More importantly, Shipnuck notes this about his playing partner:
Round of the day might have been Ryo Ishikawa's 68, accomplished playing in front of his hero Tiger Woods and his nemeses--the hundred or so Japanese reporters that obsessively chronicle his every twitch. For his first spin around a true links course, to say nothing of the holy Open, the kid displayed admirable imagination and tremendous poise. Take that, Rory!
Bob Harig runs though the round highs and lows and the link also features video of Tiger's post round press conference.
For the day, he hit just 8 of 14 fairways, despite using mostly irons off tees. He did hit 12 of 18 greens and needed 30 putts.
Ian Chadband in the Telegraph offers a, uh, more detailed account of the round's saltier moments.

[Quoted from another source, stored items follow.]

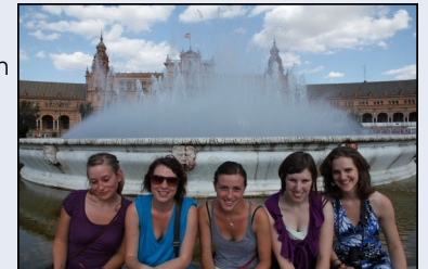
ectarc participants in Seville
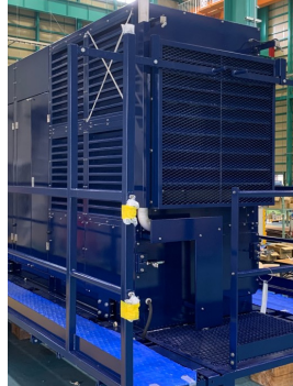
Fuel Cell Power Pack (FCPP) Safe & proven FC technology provides ample power to batteries to deliver the performance you expect
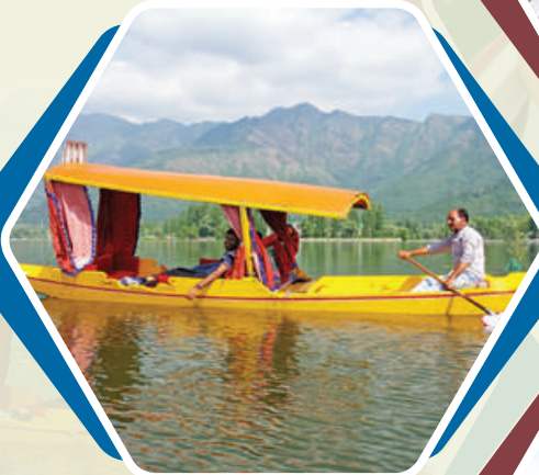
'Incredible India' through the eyes of IFS OTs during their Bharat Darshan
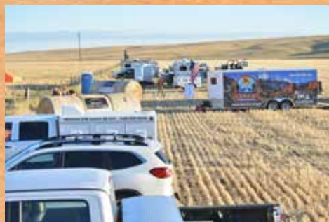
Rocky Mountain NSTRA Trailer
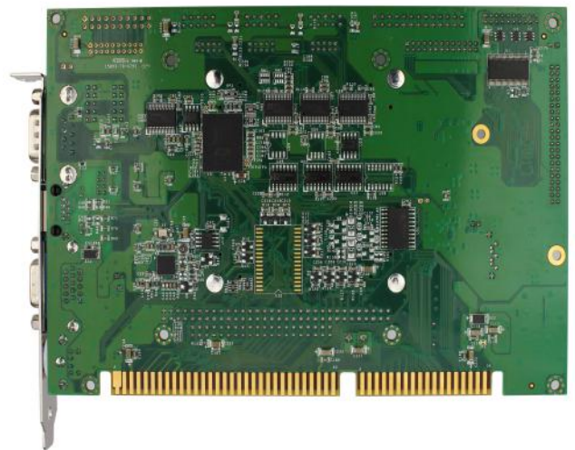
VDX3-6724 (BOTTOM VIEW)
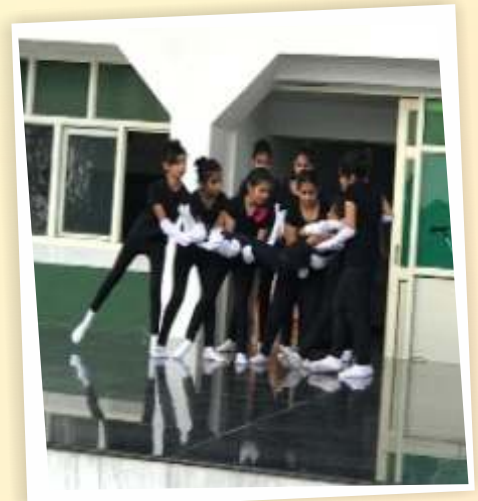
Children's Day 14.11.18

His confidence with the driver seemed so low that he used it just three times and found himself in the rough each time. Yet even his long irons from the tee let him down.
At the third, when he hoiked his drive left, he cried "Godammit!". On the 13th, when he ploughed one into a bank on the right of the fairway, the expletive was shorter and sharper.
Jim McCabe on Lee Westwood and the circus surrounding the pairing:
“I can say a couple of times I stood off,” Westwood said, and for sure there were two moments when he shot an icy stare at the photographers. “But I didn’t play a shot where I wasn’t concentrating and wasn’t ready to play that shot.”
It was a head-scratcher when R&A officials announced the Woods-Ishikawa pairing. (Westwood was no surprise. After all, it’s the fourth time he’s been grouped with Woods in the opening two rounds of a major. Must be a “w” thing.) Woods easily commands the huge majority of camera and reporting interest no matter where he plays. Ishikawa? If he were paired with Happy Gilmore and Judge Smails the Japanese photographers would be out there three and four dozen strong.
So mixing the two media-magnets together, especially on a links golf course where so many of the pathways are narrow and demand slow, cautious travel . . . well, let’s just say that the R&A lads have made wiser decisions. (Of course, it must have thrilled the Japanese TV entity, but surely that’s a coincidence, no?)